The compound synthesized after structural identification was indeed the target compound shown in 2c.

Example 4 Preparation of target compound 2d

The reaction equation is as follows:

Add 1d (0.2mmol, 38.0mg), sodium acetate (0.16mmol, 13.1mg), morpholine (0.2mmol, 18.0μL) dissolved in dimethyl sulfoxide and acetic acid (2.0mL/0.35mL) solvent into the reaction tube at a time , stir for 30 hours at 140 degrees under air atmosphere, then add 10 mL of saturated sodium carbonate, extract the organic matter three times with ethyl acetate, combine the organic phases, dry over sodium sulfate, filter and spin dry. The initial product is purified by column chromatography (silica gel 200 -300 mesh), finally obtained light yellow liquid compound 2d (43.3 mg, yield 74%).
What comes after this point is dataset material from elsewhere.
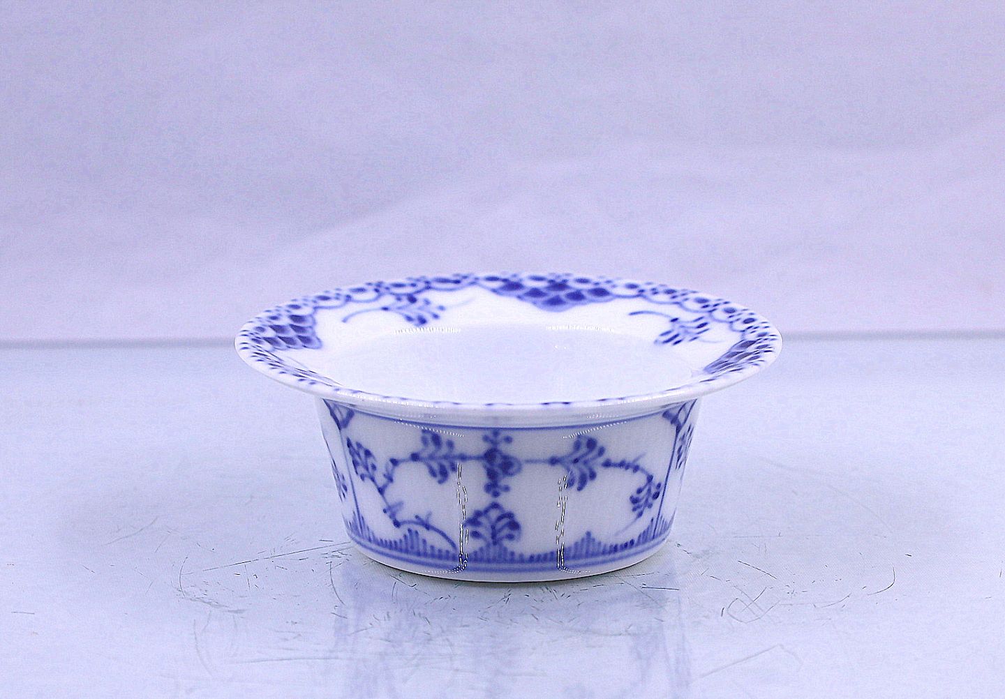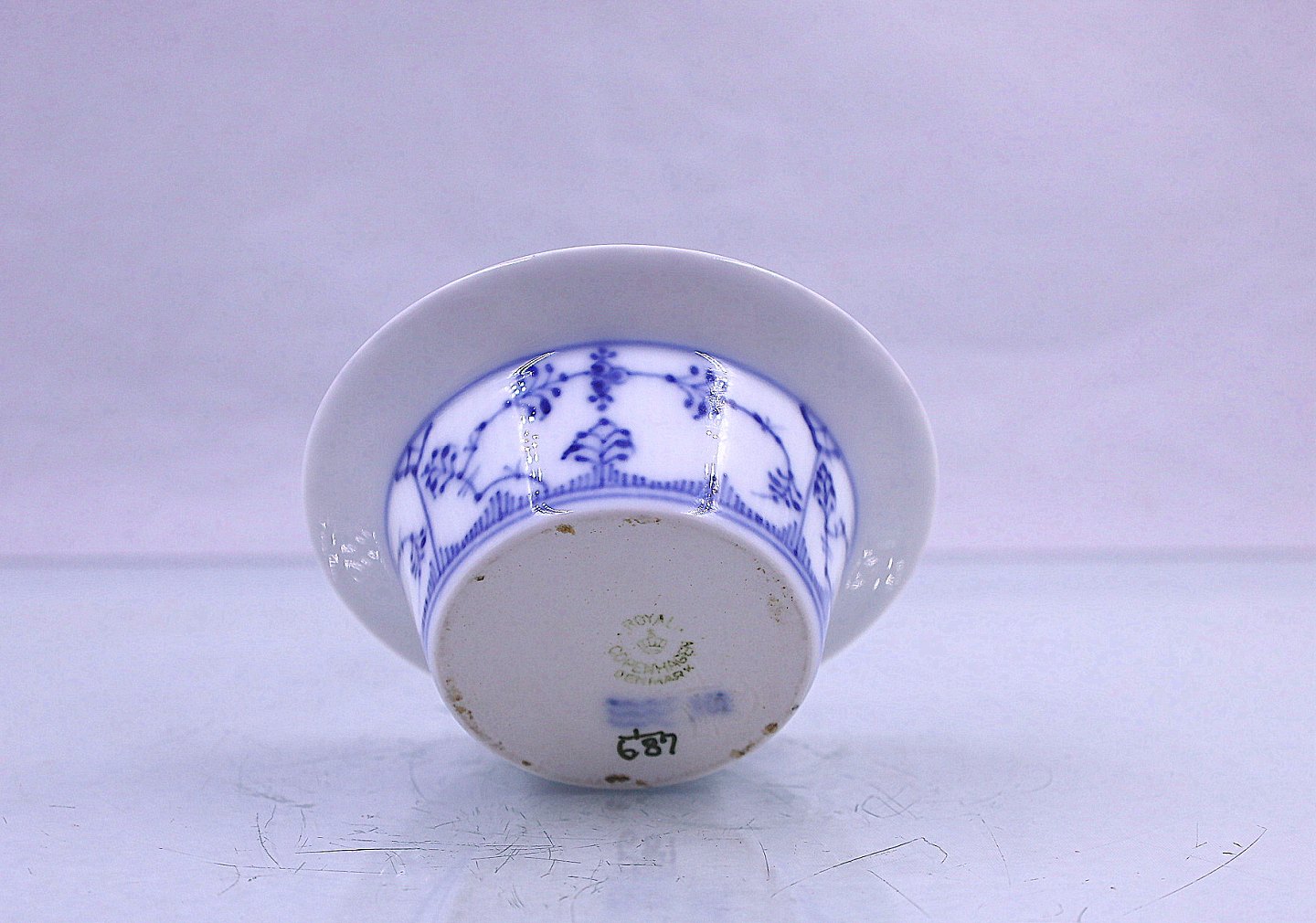 Royal Copenhagen. Musselmalet, halvblonde skål, nr. 1/687. Skålen er med udsvejfet kant og i de klassiske blå og hvide farver.

The structure confirmation results of this compound are as follows:

R _f =0.27 (petroleum ether/ EtOAc 5/1); ¹ H NMR (600MHz, CDCl ₃ ) δ7.57 (s, 1H), 6.68 (s, 1H), 4.51 (d, J = 11.4Hz, 1H) , 4.30 (d, J = 11.4Hz, 1H), 3.89 (d, J = 11.4Hz, 1H), 3.74 (d, J = 11.4Hz, 1H), 2.89 (d, J = 13.8Hz, 1H), 2.84 (d, J=13.8Hz, 1H), 2.77-2.72 (m, 4H), 2.69 ( br , 1H), 2.18 (s, 3H), 1.77 (m, 4H); ¹³ C NMR (150MHz, CDCl ₃ ) δ196.5, 159.1, 147.9, 131.4, 127.5, 117.9, 117.3, 70.5, 62.9, 50.9, 35.2, 30.3, 28.6, 23.2, 22.7, 18.1; HRMS(ESI)m/z[M+H ⁺ ]calcd for C ₁₆ H ₂₁ O ₃ S 293.1211, found 293.1214.

The compound synthesized after structural identification was indeed the target compound shown in 2d.

Although the embodiments of the present invention have been disclosed for illustrative purposes, those skilled in the art will appreciate that various substitutions, changes and modifications are possible without departing from the spirit and scope of the present invention and the appended claims. , the scope of the present invention is not limited to the contents disclosed in the embodiments.

Claims (4)

1. A preparation method for a quaternary carbon center-containing chromanone compound, which is characterized in that using o-hydroxyacetophenones compounds shown in formula 1 as raw materials, under the action of sodium acetate and additives, dimethyl sulfoxide and The acid is a mixed solvent and heated in a one-pot method to obtain a chromanone compound containing a quaternary carbon center with the structure shown in Formula 2, Where, R represents hydrogen, C ₁ -C ₆ alkyl, C ₂ -C ₆ alkenyl, C ₂ -C ₆ alkynyl, nitro, halogen, C ₁ -C ₆ alkoxy, cyano, amino, sulfonyl Acid group, halogenated C ₁ -C ₆ alkyl group, C ₆ -C ₁₀ aryl group or 5-10 membered heteroaryl group; The acid is a common protonic acid, selected from formic acid, acetic acid, propionic acid, butyric acid, hydrochloric acid, and phosphoric acid; The additive is selected from tetrahydropyrrole, morpholine, and hexahydropiperidine; n represents an integer of 0, 1, 2, 3 or 4. 2. The method according to claim 1, characterized in that the molar ratio of the reactants of the o-hydroxyacetophenone compound Formula 1 and dimethyl sulfoxide is 1:3. 3. The method according to claim 1, characterized in that the reaction temperature is 110-140 degrees and the reaction time is 10-30 hours. 4. The method according to claim 1, characterized in that the specific steps of the reaction are: Dissolve the o-hydroxyacetophenone compound shown in Formula 1 in dimethyl sulfoxide, then add sodium acetate, acid and additives, and react under heating conditions. After the reaction is complete, remove the solvent and additives in the reaction solution, and use organic The target product is extracted with a solvent, the organic phases are combined, dried, and rotary evaporated under reduced pressure to obtain a crude product, which is then chromatographed on silica gel to obtain a chromanone compound containing a quaternary carbon center with the structure of Formula 2.